There, Mattie thought. I was right it didn’t matter.
She thought that John had fallen asleep again, but he lifted his head to look at her. ‘I wish you’d told me that you were a virgin.’
‘It doesn’t matter,’ she whispered.
His face looked different, she noticed. Softer, perhaps.
‘You made me very happy, this morning, Mattie Banner,’ John said.
She smiled then, a quick flickering smile, but she felt warmer inside.
‘Good,’ Mattie said.
They lay comfortably together, listening to the world moving outside. It was nice, Mattie thought, to share a moment like this. Private, just to themselves. John reached for his cigarettes and lit one for each of them, fitting Mattie’s between her fingers for her. She inhaled deeply, knowingly. She felt wiser, almost happy.
‘John?’ she asked suddenly.
‘Mm?’
‘Did you go to bed with Jennifer Edge?’
A laugh rumbled in his chest, under her ear. ‘Yes. Everyone did, it was more or less obligatory. I’m not sure about Doris and Ada.’ Mattie laughed too, but the little glow of warmth faded. She could cope with his Burford wife. But Jennifer Edge, whom she had never seen and cared nothing about, she made a difference. She put Mattie herself into perspective. One in a line. It probably went with the job.
She tried to banter. ‘What? Lenny, too?’
‘Almost certainly.’
It was hard to laugh. Mattie saw the room again. Green and brown, hideous in the livid winter daylight. She butted out her cigarette in the tin ashtray beside the bed.
‘I should be at the theatre now.’
‘Come here for one more minute.’
He put his thick arms around and pulled her closer. The woolly hairs on his chest crinkled against her skin.
‘Jennifer’s nothing like you, you know. You’re a nice girl, Mattie.’ He kissed her thoroughly and when he let her go again Mattie said softly, ‘I used to be a nice girl.’

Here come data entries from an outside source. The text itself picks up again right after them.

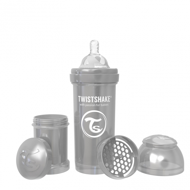 Le biberon de Twistshake est idéal pour être utilisé en combinaison avec un allaitement normal. Chaque biberon contient un contenant pratique de lait en poudre ainsi qu’un tamis. Le système unique appelé Twistflow évite activement la colique du bébé et garantit un débit régulier. Le biberon possède un large goulot, permettant de le nettoyer facilement. Il possède également un design ergonomique qui retient la chaleur.
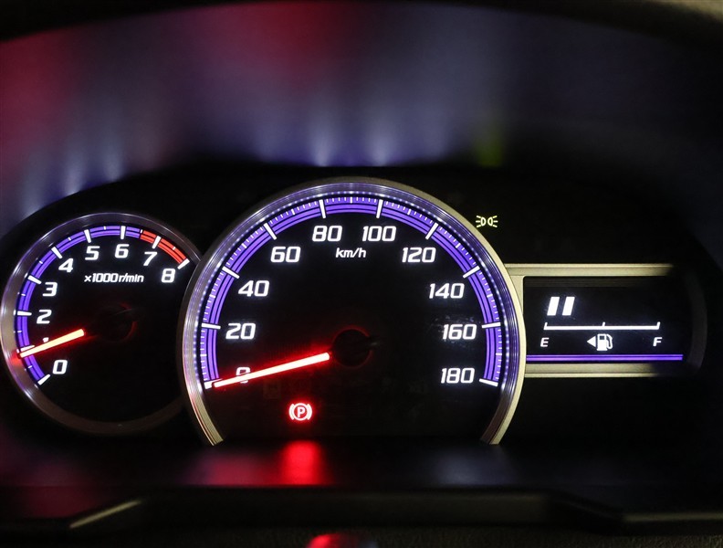 とっても見やすいメーターです。夜間時はラグジュアリーな気分にさせてくれる照明が魅力ですので、夜のドライブも楽しみになりますよ♪
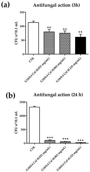 Antifungal activity of G18/0.4 Cal. (a) Effect after 3 h of contact. (b) Effect after 24 h of contact. CTR, control yeasts receiving G18/0.4 gel without Cal; CFU, colony forming units. Results are expressed as mean value of CFUs ± s.d. obtained from triplicate samples from two independent experiments; ** p value < 0.01; *** p values < 0.001.
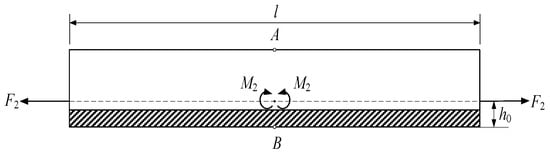 The model diagram shown in Figure 19 can be regarded as the stress model diagram of an eccentric tension beam. The effect of an eccentric tension F2 on the deck can be equivalent to the superposition of axial tension and pure bending members []. The equivalent bending moment is M2 = F2h0.
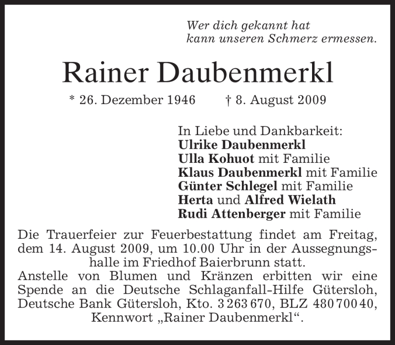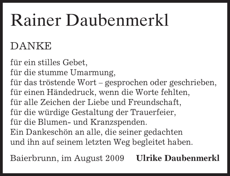 Hier finden Sie alle Traueranzeigen aus der Zeitung, die bisher für Rainer Daubenmerkl erschienen sind. Weitere Traueranzeigen, die in der Zeitung erscheinen, werden hier ebenfalls aufgelistet
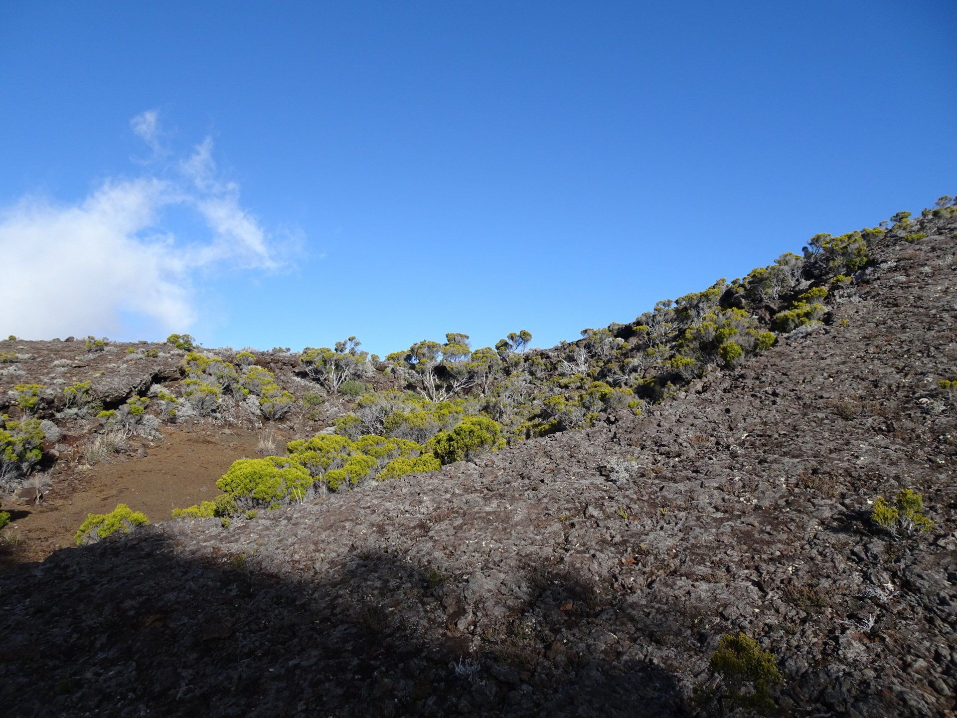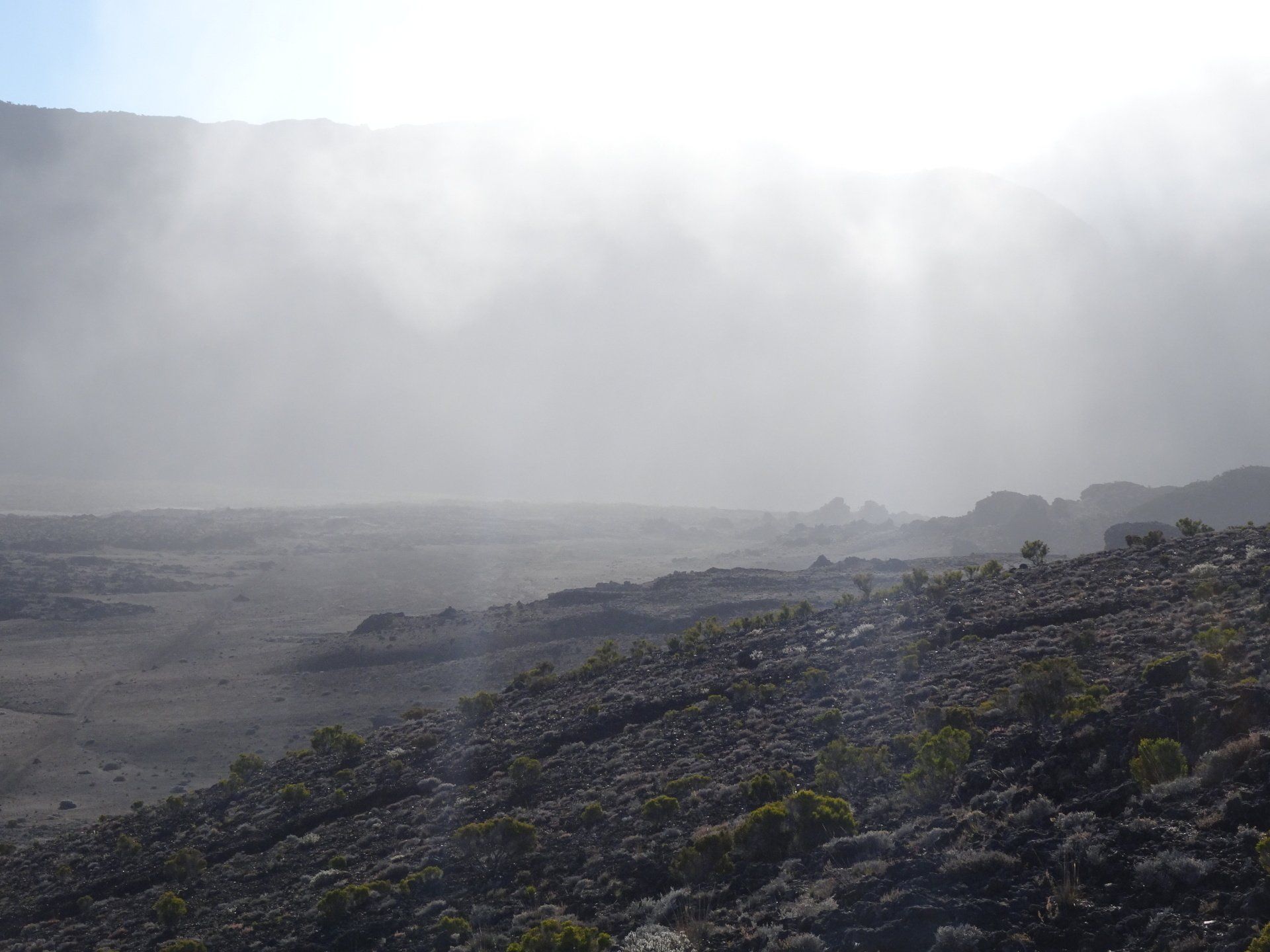 Nous discutons avec un jeune de Mayotte qui profite de quelques jours de congés pour randonner. Indécis, il avait décidé de faire la traversée de l’île de la Réunion en doublant les étapes. Le descriptif de son parcours jusque là est impressionnant. Malheureusement pour lui son aventure s’arrête là. Il a terminé sa montée au gîte du volcan en stop : l’un de ses genoux a lâché. Demain il prévoit de redescendre en stop.

They both laughed, then. Mattie took the opportunity to slide out of bed. She put her crumpled clothes on and combed her hair in front of the greenish mirror.
‘I’ll see you later, my love, at the theatre,’ John said.
‘Of course.’
Mattie walked down through the Air-Wick-pungent hotel and out through the front door. Nobody shouted an accusation after her. The sea was puckered and steel-grey, but she didn’t stop to look at it. She turned into the town towards the theatre. Women with shopping bags passed her, and errand boys on bicycles.
They must all be able to see, Mattie thought. I know they can tell what I’ve been doing. She held her head up. It doesn’t matter. It’s happened, that’s all. She felt very lonely, and she longed to tell Julia. Not in a letter. Not after the weeks of silence that she had allowed to slip by.
She would have to wait until Christmas. Two weeks, until the company disbanded for the Christmas break.